- [Instructions to follow]: All lines from the one bearing "Flancs de carénage" through the end of the data below must be printed exactly as they stand, with pictures removed.

- [Given data]:
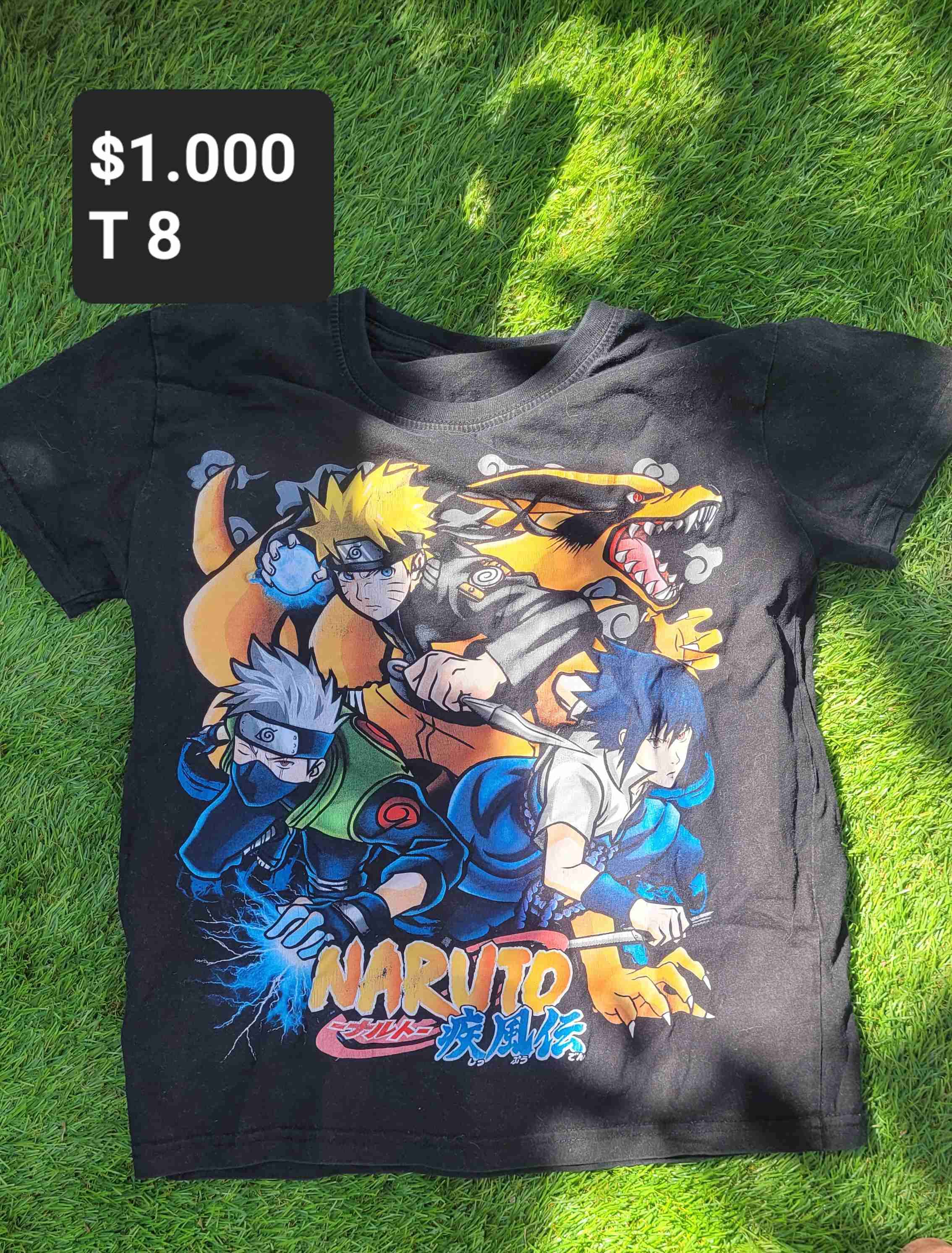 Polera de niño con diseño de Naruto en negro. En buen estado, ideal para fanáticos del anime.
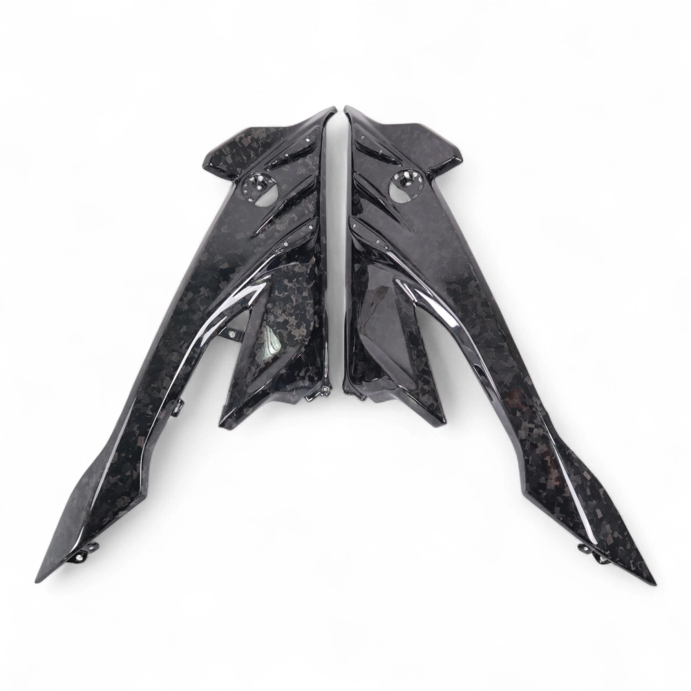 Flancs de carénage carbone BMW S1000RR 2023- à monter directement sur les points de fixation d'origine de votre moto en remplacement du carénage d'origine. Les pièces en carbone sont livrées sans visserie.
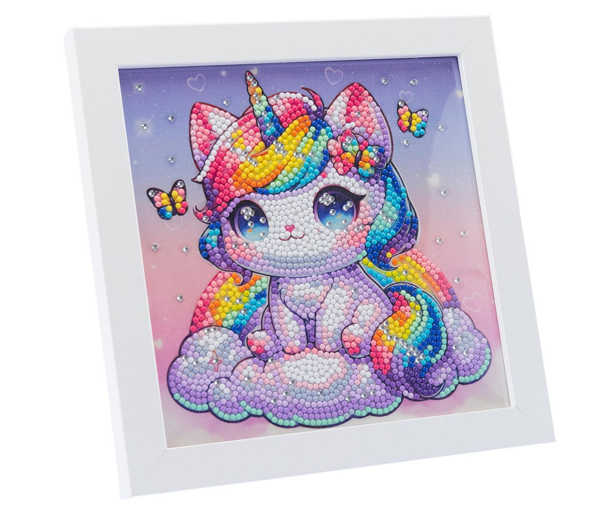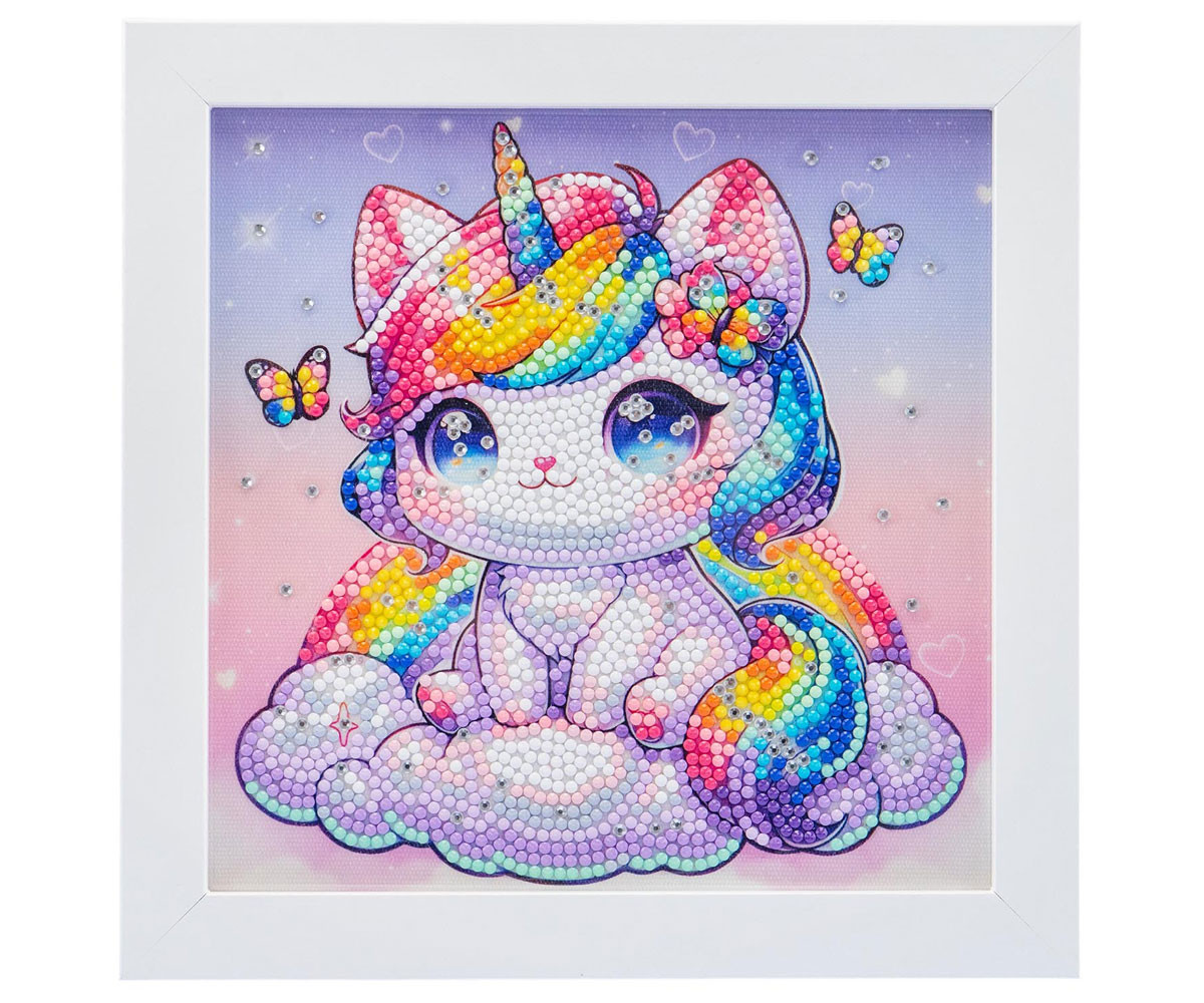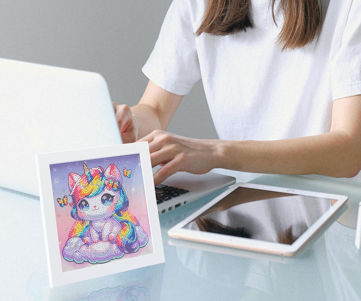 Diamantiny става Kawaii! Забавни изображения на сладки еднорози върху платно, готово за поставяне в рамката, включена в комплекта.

- [Answer to this exercise]:
 Flancs de carénage carbone BMW S1000RR 2023- à monter directement sur les points de fixation d'origine de votre moto en remplacement du carénage d'origine. Les pièces en carbone sont livrées sans visserie.
 Diamantiny става Kawaii! Забавни изображения на сладки еднорози върху платно, готово за поставяне в рамката, включена в комплекта.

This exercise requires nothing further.